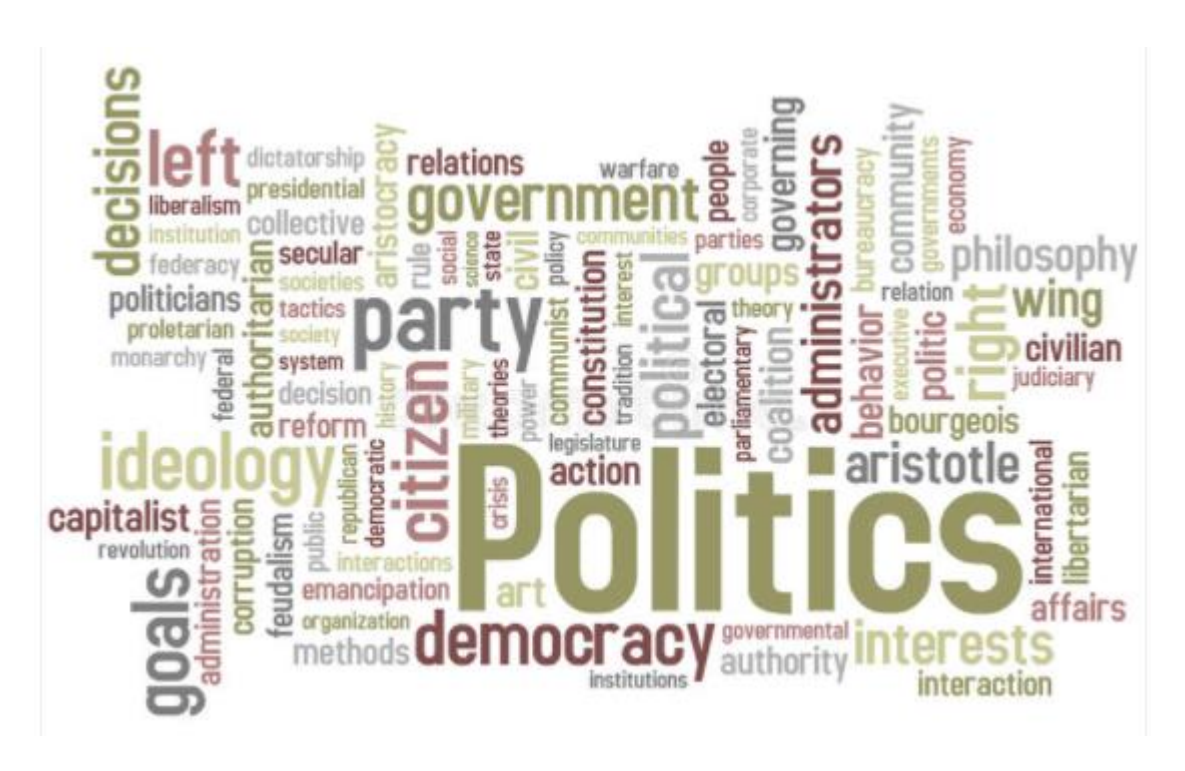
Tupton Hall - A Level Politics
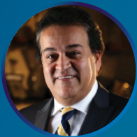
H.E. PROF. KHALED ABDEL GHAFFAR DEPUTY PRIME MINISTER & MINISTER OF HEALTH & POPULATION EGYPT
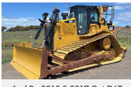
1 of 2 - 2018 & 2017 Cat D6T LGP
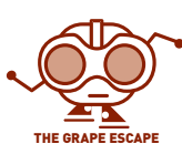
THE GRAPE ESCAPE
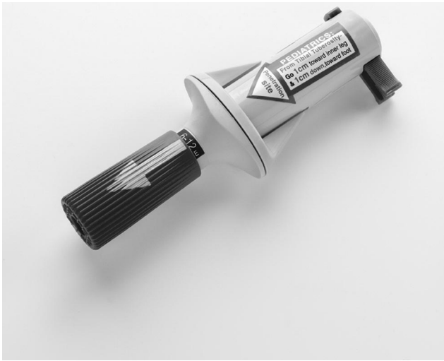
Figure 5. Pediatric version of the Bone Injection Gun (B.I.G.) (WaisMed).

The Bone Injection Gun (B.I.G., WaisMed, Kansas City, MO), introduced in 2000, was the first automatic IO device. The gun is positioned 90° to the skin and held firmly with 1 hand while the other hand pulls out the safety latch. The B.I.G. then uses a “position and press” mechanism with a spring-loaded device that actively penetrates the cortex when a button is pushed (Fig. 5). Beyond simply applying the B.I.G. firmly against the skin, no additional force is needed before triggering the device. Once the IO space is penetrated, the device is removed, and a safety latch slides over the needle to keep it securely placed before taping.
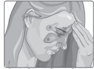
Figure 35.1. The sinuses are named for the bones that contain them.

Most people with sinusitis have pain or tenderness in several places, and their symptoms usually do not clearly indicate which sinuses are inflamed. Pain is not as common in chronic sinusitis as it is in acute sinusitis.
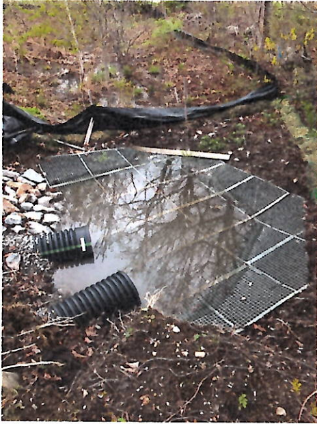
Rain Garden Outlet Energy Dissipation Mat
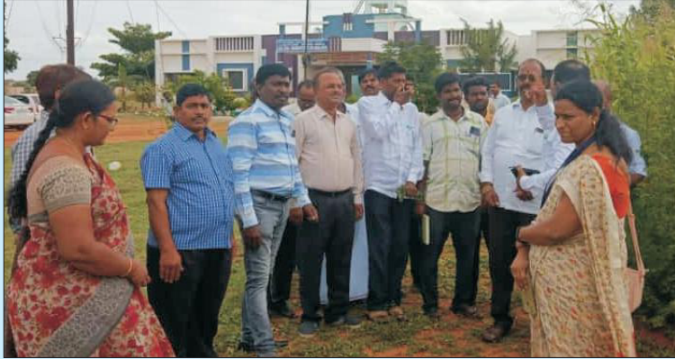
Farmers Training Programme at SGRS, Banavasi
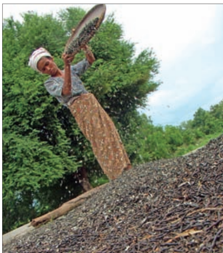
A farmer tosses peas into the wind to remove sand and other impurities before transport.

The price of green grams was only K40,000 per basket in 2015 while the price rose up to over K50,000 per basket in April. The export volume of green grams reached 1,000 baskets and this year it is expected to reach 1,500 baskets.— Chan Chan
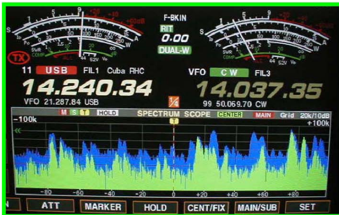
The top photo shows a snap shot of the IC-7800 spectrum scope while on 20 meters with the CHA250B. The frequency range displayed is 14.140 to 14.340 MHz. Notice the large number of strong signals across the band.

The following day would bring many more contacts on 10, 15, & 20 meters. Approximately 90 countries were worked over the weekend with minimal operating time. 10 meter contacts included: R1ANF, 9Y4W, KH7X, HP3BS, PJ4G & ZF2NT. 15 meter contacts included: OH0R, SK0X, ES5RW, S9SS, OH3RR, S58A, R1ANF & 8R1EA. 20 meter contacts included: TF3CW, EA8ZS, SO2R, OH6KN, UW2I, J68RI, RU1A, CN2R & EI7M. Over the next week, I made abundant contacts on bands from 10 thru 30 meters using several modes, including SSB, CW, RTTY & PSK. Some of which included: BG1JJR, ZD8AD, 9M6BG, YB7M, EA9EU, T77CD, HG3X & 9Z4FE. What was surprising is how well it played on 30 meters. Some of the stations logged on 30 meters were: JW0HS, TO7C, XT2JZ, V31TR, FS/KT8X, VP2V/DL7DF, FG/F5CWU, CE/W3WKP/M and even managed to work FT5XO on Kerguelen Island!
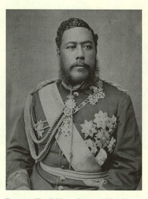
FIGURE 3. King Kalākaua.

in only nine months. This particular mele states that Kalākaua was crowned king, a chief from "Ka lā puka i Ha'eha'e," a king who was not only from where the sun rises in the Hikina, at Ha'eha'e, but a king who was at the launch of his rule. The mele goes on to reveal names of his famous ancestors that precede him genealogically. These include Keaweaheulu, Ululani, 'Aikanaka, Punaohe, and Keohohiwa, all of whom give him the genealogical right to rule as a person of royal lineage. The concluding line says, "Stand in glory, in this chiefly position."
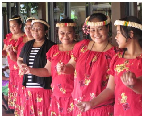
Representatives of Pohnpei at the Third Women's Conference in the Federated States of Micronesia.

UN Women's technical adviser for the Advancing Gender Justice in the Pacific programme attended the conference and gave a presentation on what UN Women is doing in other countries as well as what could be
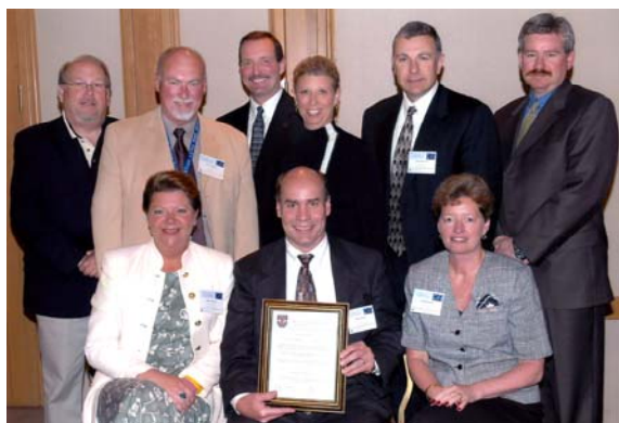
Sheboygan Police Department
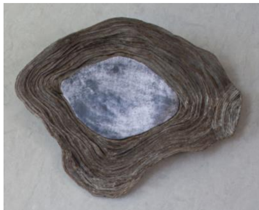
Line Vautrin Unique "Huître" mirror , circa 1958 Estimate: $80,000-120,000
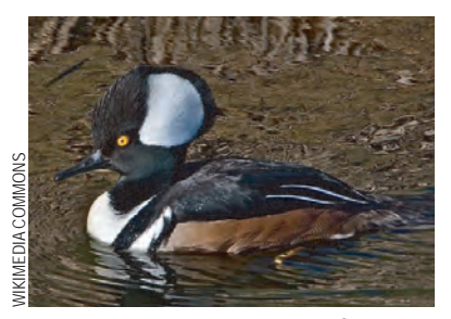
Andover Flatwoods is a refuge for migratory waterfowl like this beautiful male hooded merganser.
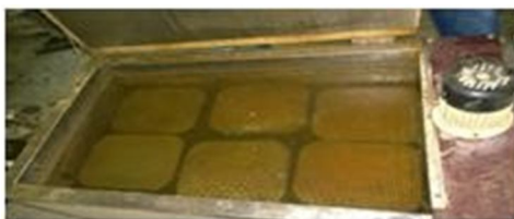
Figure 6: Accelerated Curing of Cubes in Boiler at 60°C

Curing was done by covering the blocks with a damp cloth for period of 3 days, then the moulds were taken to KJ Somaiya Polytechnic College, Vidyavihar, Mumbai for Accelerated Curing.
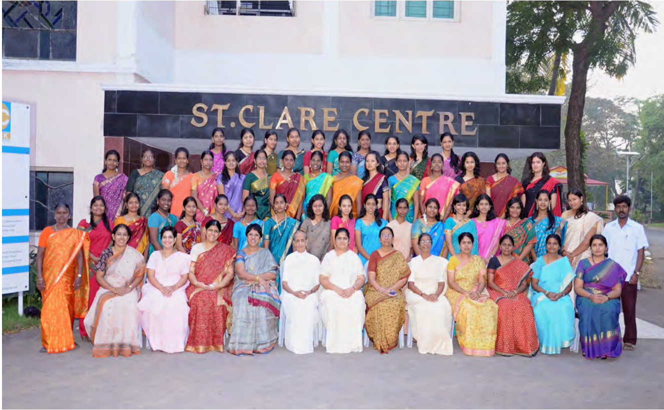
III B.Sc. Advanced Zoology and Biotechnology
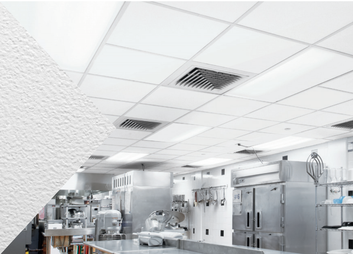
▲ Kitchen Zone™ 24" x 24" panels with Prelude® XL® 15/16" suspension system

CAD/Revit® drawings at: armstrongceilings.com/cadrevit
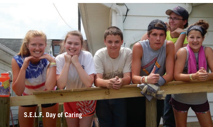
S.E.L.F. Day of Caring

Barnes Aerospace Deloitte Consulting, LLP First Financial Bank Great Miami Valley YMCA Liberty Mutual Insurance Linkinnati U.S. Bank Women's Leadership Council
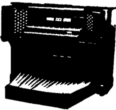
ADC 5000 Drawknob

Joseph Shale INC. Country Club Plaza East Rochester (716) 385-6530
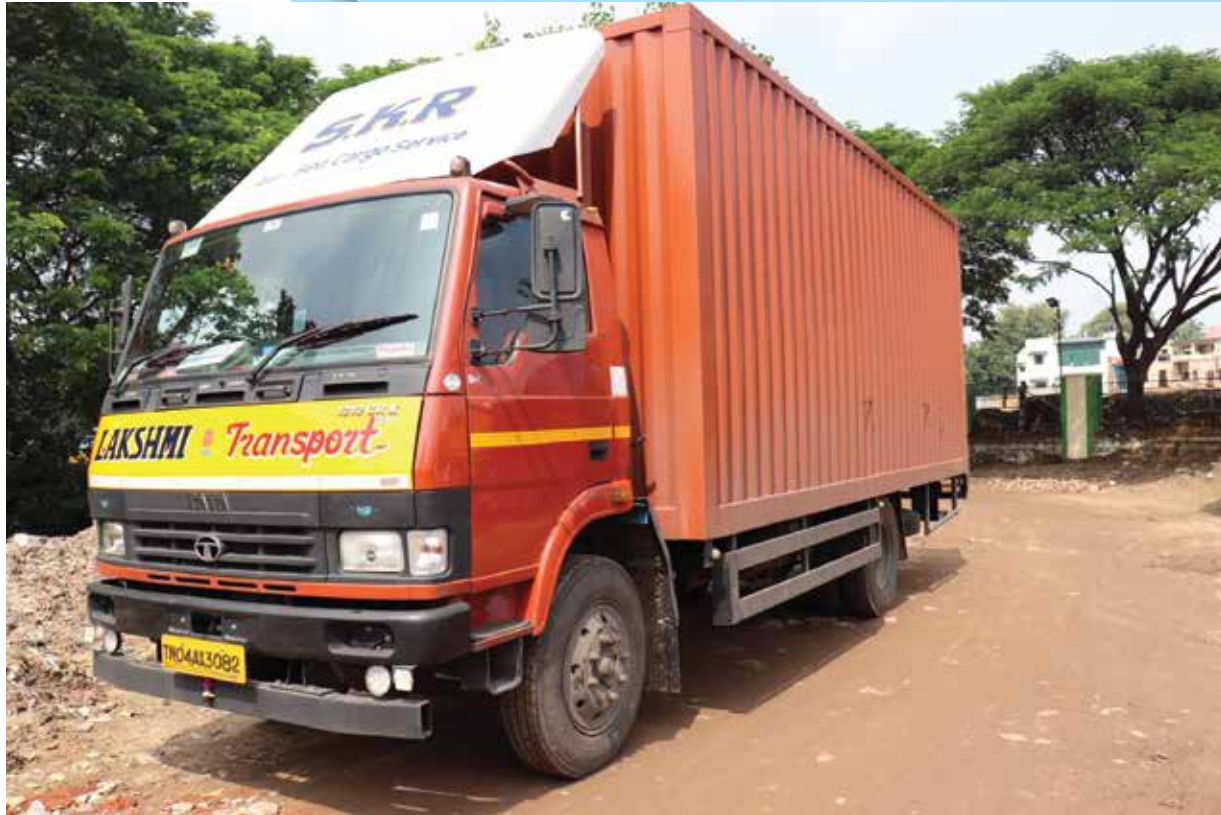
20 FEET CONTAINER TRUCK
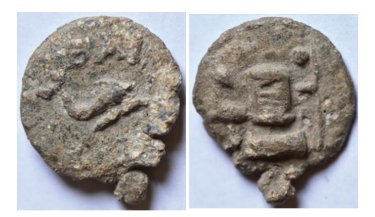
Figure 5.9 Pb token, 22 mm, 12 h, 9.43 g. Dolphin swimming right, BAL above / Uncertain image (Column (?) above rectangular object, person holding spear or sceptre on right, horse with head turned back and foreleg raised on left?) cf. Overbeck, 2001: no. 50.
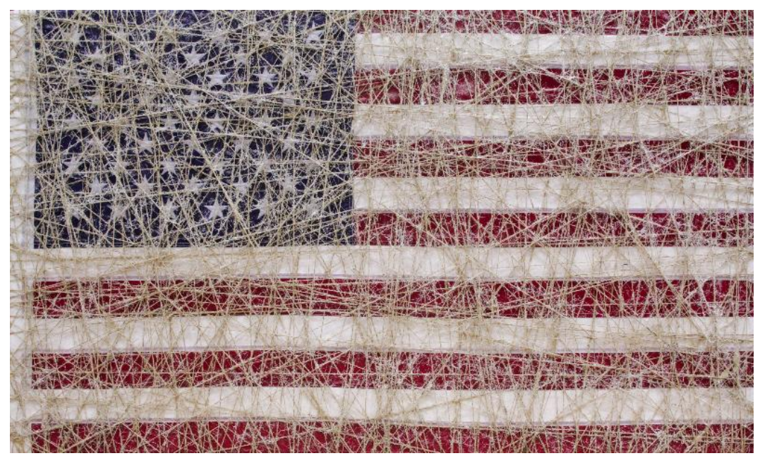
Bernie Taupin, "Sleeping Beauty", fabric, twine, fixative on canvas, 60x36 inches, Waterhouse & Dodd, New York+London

------

### Task description
Could you set down, exactly as written, every line from the start of the records above through the line containing "Figure 5. Pediatric", leaving the pictures out?

### Answer to this exercise
Tupton Hall - A Level Politics
H.E. PROF. KHALED ABDEL GHAFFAR DEPUTY PRIME MINISTER & MINISTER OF HEALTH & POPULATION EGYPT
1 of 2 - 2018 & 2017 Cat D6T LGP
THE GRAPE ESCAPE
Figure 5. Pediatric version of the Bone Injection Gun (B.I.G.) (WaisMed).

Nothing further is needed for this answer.